Global Liquidity Update - Japan, Euro Area, and Emerging Markets All Negative

“Earnings don’t move the overall market… focus on the central banks and focus on the movement of liquidity… most people in the market are looking for earnings and conventional measures. It’s liquidity that moves markets.” Stanley Druckenmiller

Global liquidity conditions, as measured by BofA Merrill Lynch's Global Liquidity Tracker, are still firmly in negative territory since mid-2015 (bottom panel). The most recent data shows a steep drop related to Japan, with three of the four components (Japan, Euro Area, and Emerging Markets) now below zero. Though the US is fractionally positive at 0.75, the continual tightening of liquidity conditions abroad is the greatest risk currently, aligning with Yellen's cautious remarks on raising rates.

Source: Bloomberg

From Bloomberg:

"Our real-time Global Liquidity Tracker (GLT) is a composite indicator of liquidity conditions in emerging and developed economies. To estimate our GLT indicator, we employ a dynamic factor model used by global central banks. Our Liquidity Tracker extracts a common unobserved factor reflecting the greatest common variation among market spreads, asset prices, monetary and credit data across different frequencies. We combine our US, Euro area, Japan and EM Liquidity trackers into a global composite using financial weights reflecting the average relevance of an economy in terms of market capitalization and private sector credit. All of this allows us to produce timely estimates of liquidity conditions in an effort to assess the state of the global economy. A reading of zero indicates liquidity at its long-run average while activity between -3 and +3 represents the standard deviation from this average."

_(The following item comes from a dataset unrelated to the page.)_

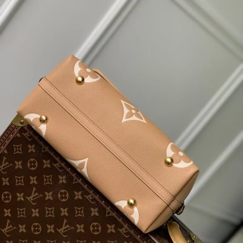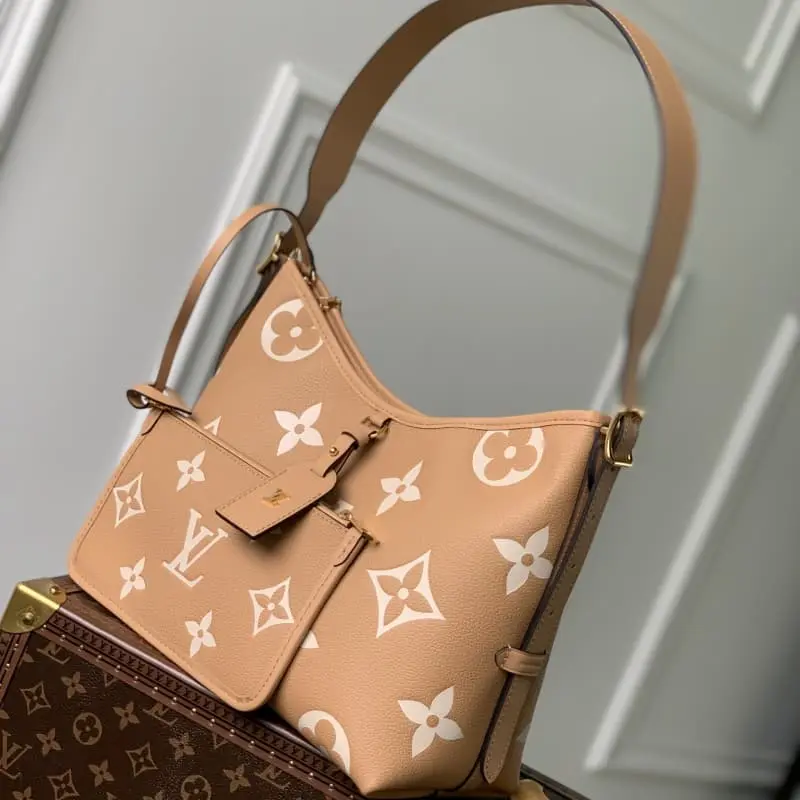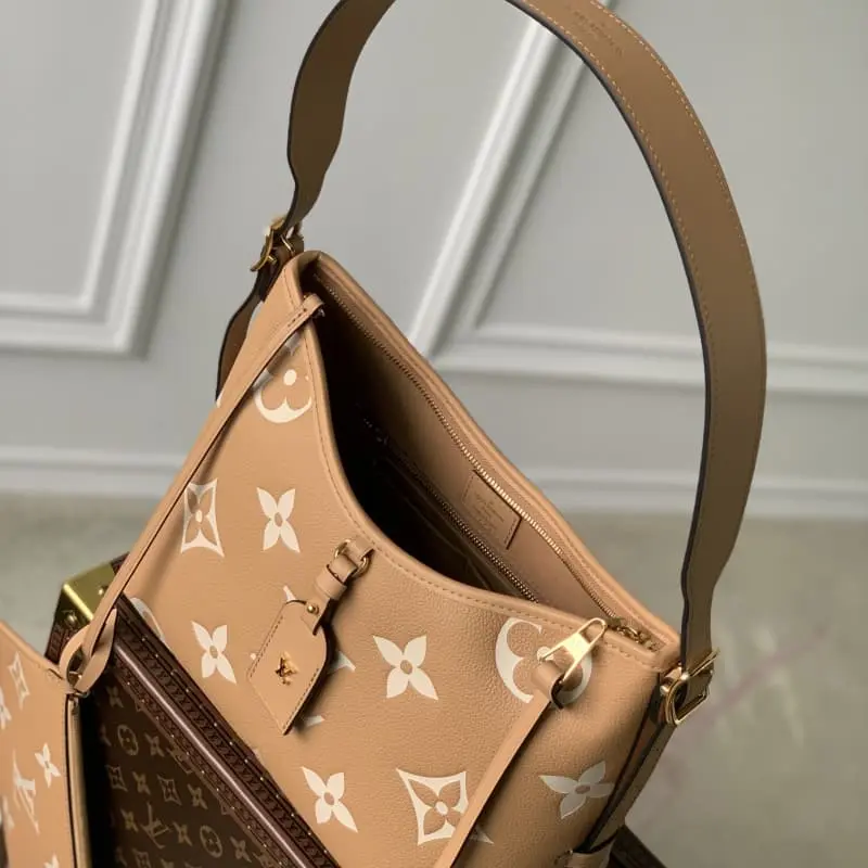 M46293 Brown CarryAll Small Handbag Made of Monogram Empreinte Leather Ample structure with neat inner large pockets to add functional elements. Paired with Monogram embossed zipper clutch secured with leather strap. A close companion for urban life. 29 x 24 x 12 cm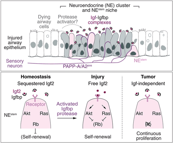 Abstract: Stem cells proliferate after injury to repair damaged tissue, and chronic injury can promote cancer. However, the injury-activated signals and regulatory mechanisms, and their relationship to cancer, are poorly understood. Here, we identified insulin-like growth factor 2 (Igf2) as an injury-activated mitogen for lung neuroendocrine stem cells, which are facultative airway progenitors and a cell of origin of small-cell lung cancer in mice. Igf2 was constitutively produced by the stem cells but sequestered in the niche by coexpressed Igf binding proteins (Igfbps). Airway injury released Igf2 and induced proliferation by transiently activating Igf2 receptors and repressing retinoblastoma (Rb) tumor suppressor. Permanent pathway activation by Rb deletion initiated continuous stem cell division. Thus, beyond their classical hormonal roles in physiology, growth, and aging, Igf proteins operate locally and rapidly with Igfbp and Rb to control injury-induced stem cell proliferation and tumor initiation.

Bottom line: overall global liquidity conditions are still unfavorable and show increased risks abroad. Japan has seen the greatest deterioration recently, but all components aside from the US are now moving lower into negative (below average) territory. Should this trend continue, the Fed will have ample justification to delay raising rates or, worst-case scenario, eventually be forced to provide liquidity back into the market.